The Hamers own a home in Lake County, Illinois, and have paid property taxes upon it under protest since 1961. They have followed Illinois statutory procedures complaining of their tax assessments by first appealing their tax assessments for each year to the Lake County Board of Review. The Hamers subsequently paid their taxes in full and filed tax objections pursuant to Ill.Rev.Stat. ch. 120, §§ 675, 716. The Circuit Court of Lake County dismissed objections for tax years 1960, 1962 and 1965 and held a trial concerning the remaining years in 1978. The Hamers were awarded $5,042.06 as a refund for taxes paid during the years in question. They were not, however, awarded interest on this sum. 2

According to the Hamers, requiring them to pay illegal or improper real property taxes, refunding the taxes only after several years and .refusing to pay interest on such refunds deprives them of property without due process of law, in violation of 42 U.S.C. § 1983. They seek declaratory and injunctive relief, as well as an accounting.

In considering motions for summary judgment, we emphasize that the party moving for summary judgment has the burden of clearly establishing the non-existence of any genuine issue of fact that is material to a judgment in his or her favor. Cedillo v. International Association of Bridge & Structural Iron Workers, Local Union No. 1, 603 F.2d 7, 10 (7th Cir.1979); any doubts as to the existence of material issues of fact must be resolved against the moving party. Moutoux v. Gulling Auto Electric, Inc., 295 F.2d 573, 576 (7th Cir.1961). The non-moving party is entitled to all reasonable inferences that can be made in its favor from the evidence presented, United States v. Diebold, Inc., 369 U.S. 654, 655, 82 S.Ct. 993, 994, 8 L.Ed.2d 176. (1962). Cross-motions for summary judgment must be considered on an individual and separate basis, and both motions must be denied if there exists a genuine issue of material fact. 10A C. Wright & A. Miller, Federal Practice and Procedure § 2720 (2d ed. 1983).

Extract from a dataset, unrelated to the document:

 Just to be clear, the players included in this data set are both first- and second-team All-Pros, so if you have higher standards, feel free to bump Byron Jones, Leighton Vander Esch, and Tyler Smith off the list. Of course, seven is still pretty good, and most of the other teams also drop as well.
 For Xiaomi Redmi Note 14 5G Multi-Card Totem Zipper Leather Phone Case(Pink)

Subject Matter Jurisdiction

As an initial matter, defendants assert that this Court lacks subject matter jurisdiction over the instant matter, under both the Tax Injunction Act, 28 U.S.C. § 1341, as well as principles of federalism and comity. These two grounds, while somewhat similar, are separate bases for dismissal of a complaint, and we must consider each. See Werch v. City of Berlin, 673 F.2d 192, 194 (7th Cir.1982).

28 U.S.C. § 1341

The Tax Injunction Act provides that

[t]he district courts shall not enjoin, suspend or restrain the assessment, levy or collection of any tax under State law where a plain, speedy and efficient remedy may be had in the courts of such State.

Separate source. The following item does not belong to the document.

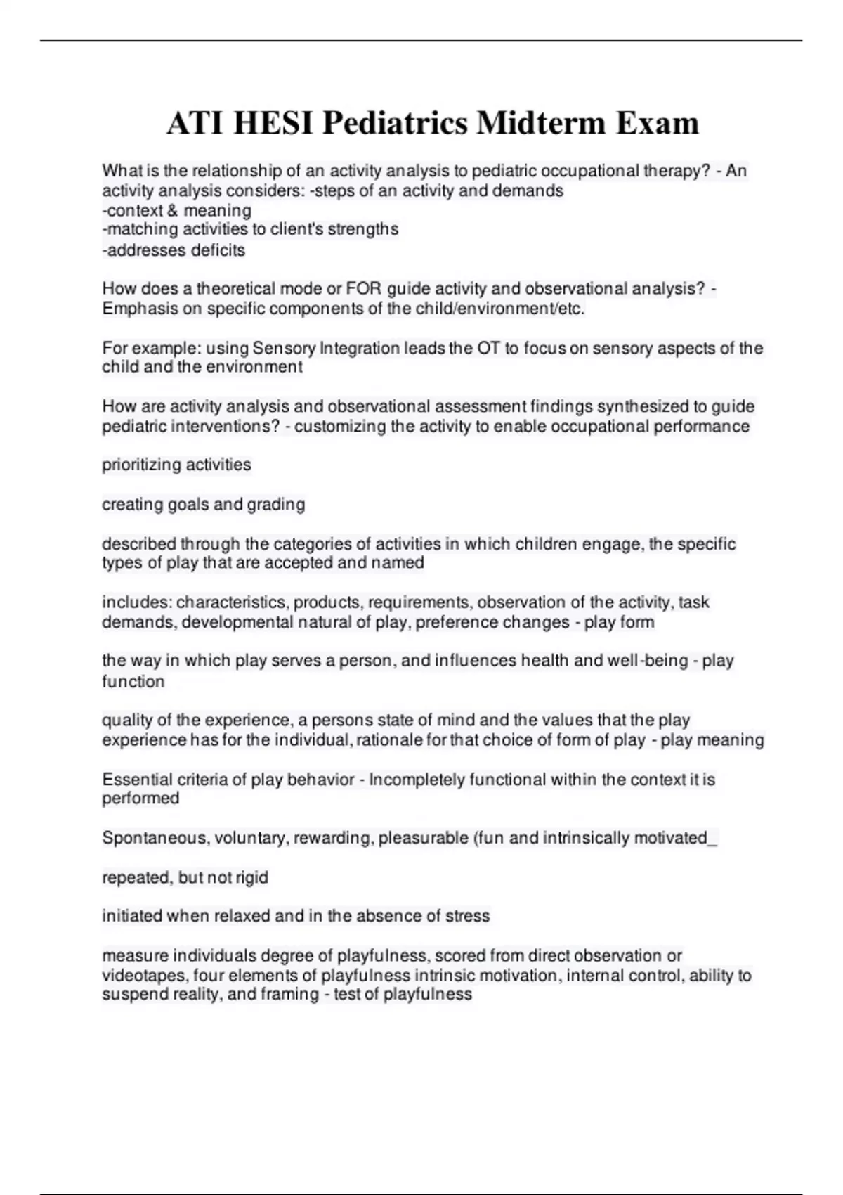 What is the relationship of an activity analysis to pediatric occupational therapy? - An activity analysis considers: -steps of an activity and demands -context & meaning -matching activities to client's strengths -addresses deficits How does a theoretical mode or FOR guide activity and observational analysis? - Emphasis on specific components of the child/environment/etc. For example: using Sensory Integration leads the OT to focus on sensory aspects of the child and the environment How are activity analysis and observational assessment findings synthesized to guide pediatric interventions? - customizing the activity to enable occupational performance prioritizing activities creating goals and grading described through the categories of activities in which children engage, the specific types of play that are accepted and named includes: characteristics, products, requirements, observation of the activity, task demands, developmental natural of play, preference changes - play form the way in which play serves a person, and influences health and well-being - play function quality of the experience, a persons state of mind and the values that the play experience has for the individual, rationale for that choice of form of play - play meaning Essential criteria of play behavior - Incompletely functional within the context it is performed Spontaneous, voluntary, rewarding, pleasurable (fun and intrinsically motivated_

28 U.S.C. § 1341. This statute bars a taxpayer from contesting the validity of a state tax in a section 1983 injunction action if there is a “plain, speedy and efficient” state remedy available. Rosewell v. LaSalle National Bank, 450 U.S. 503, 101 S.Ct. 1221, 67 L.Ed.2d 464 (1981). In Rose- *563 well, the Court held that an Illinois remedy which required property owners contesting their property taxes to pay under protest and if successful obtain a refund without interest in two years was “a plain, speedy and efficient remedy” within the meaning of the Tax Injunction Act. Id. at 528, 101 S.Ct. at 1237.

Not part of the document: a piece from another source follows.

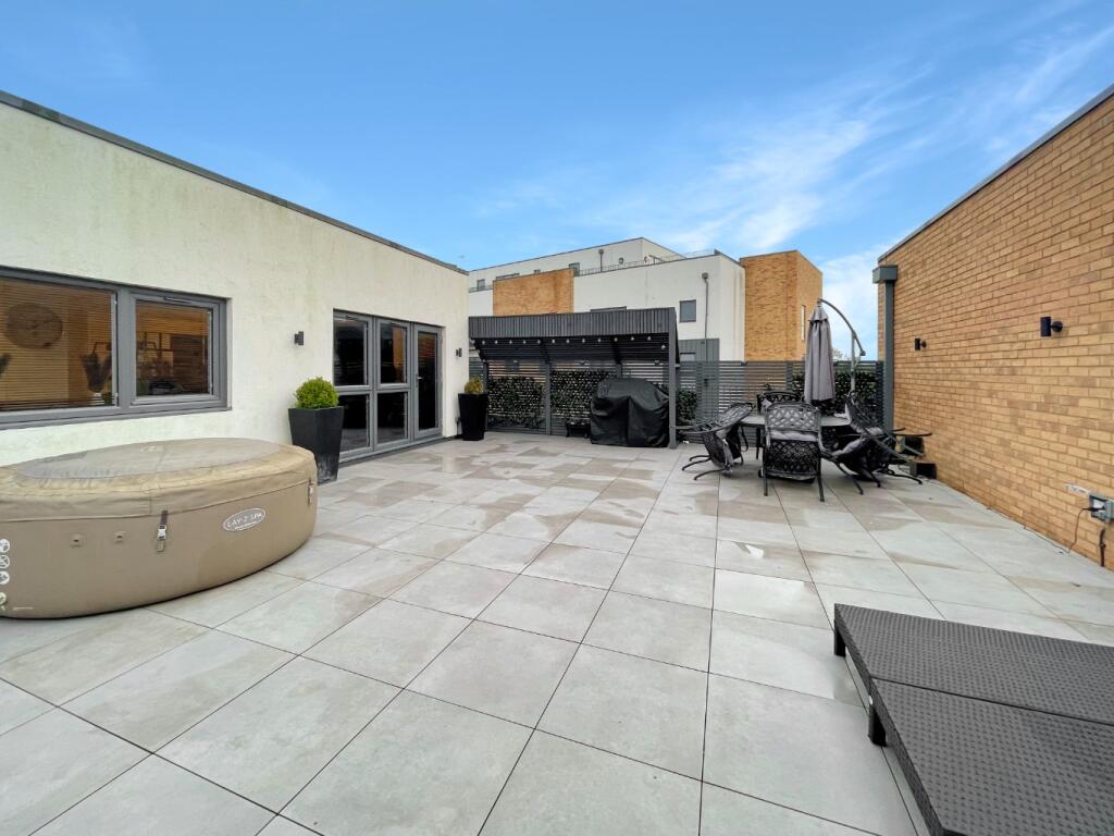 This property is a stunning two bedroom apartment located in Luton. The apartment is finished to a high standard, with modern fixtures and fittings throughout. The open plan living area is spacious and bright, with plenty of natural light. The kitchen is well-equipped, and the two bathrooms are modern and clean. The property also benefits from a large private roof terrace, perfect for entertaining or relaxing. The location is convenient, with easy access to local amenities and transport links. There are a number of schools nearby, including The Stockwood Park Academy and St Margaret Of Scotland Catholic Primary School. Luton town centre is also within easy reach, offering a wide range of shops, restaurants, and entertainment venues. Given the high-quality finish, desirable location, and ample outdoor space, the asking price seems reasonable.

“Plain, speedy and efficient” has been interpreted to require a state court remedy that meets certain minimal procedural criteria, id. at 512, 101 S.Ct. at 1229; Schneider Transport, Inc. v. Cattanach, 657 F.2d 128, 133 (7th Cir.1981), cert. denied, 455 U.S. 909, 102 S.Ct. 1257, 71 L.Ed.2d 448 (1982). Thus, the failure to pay interest on tax refunds did not render the Illinois remedy inefficient. As the Court observed

respondent’s argument — that Illinois’ failure to pay interest on the tax refund makes the remedy not “plain, speedy and efficient” — appears to address a more substantive concern. Whether she has any “federal right” to receive interest — a right she has not asserted and on which we express no view — it would appear that she could assert this right in the state-court proceeding.

Id. 450 U.S. at 515, 101 S.Ct. at 1230.

The Supreme Court in Rosewell went on to consider whether the Illinois state court procedures were “speedy.” Respondent had alleged that the customary delay from the time of payment until the receipt of refund was two years, but the Court held that the two-year delay did not fall outside the boundary of a “speedy” remedy.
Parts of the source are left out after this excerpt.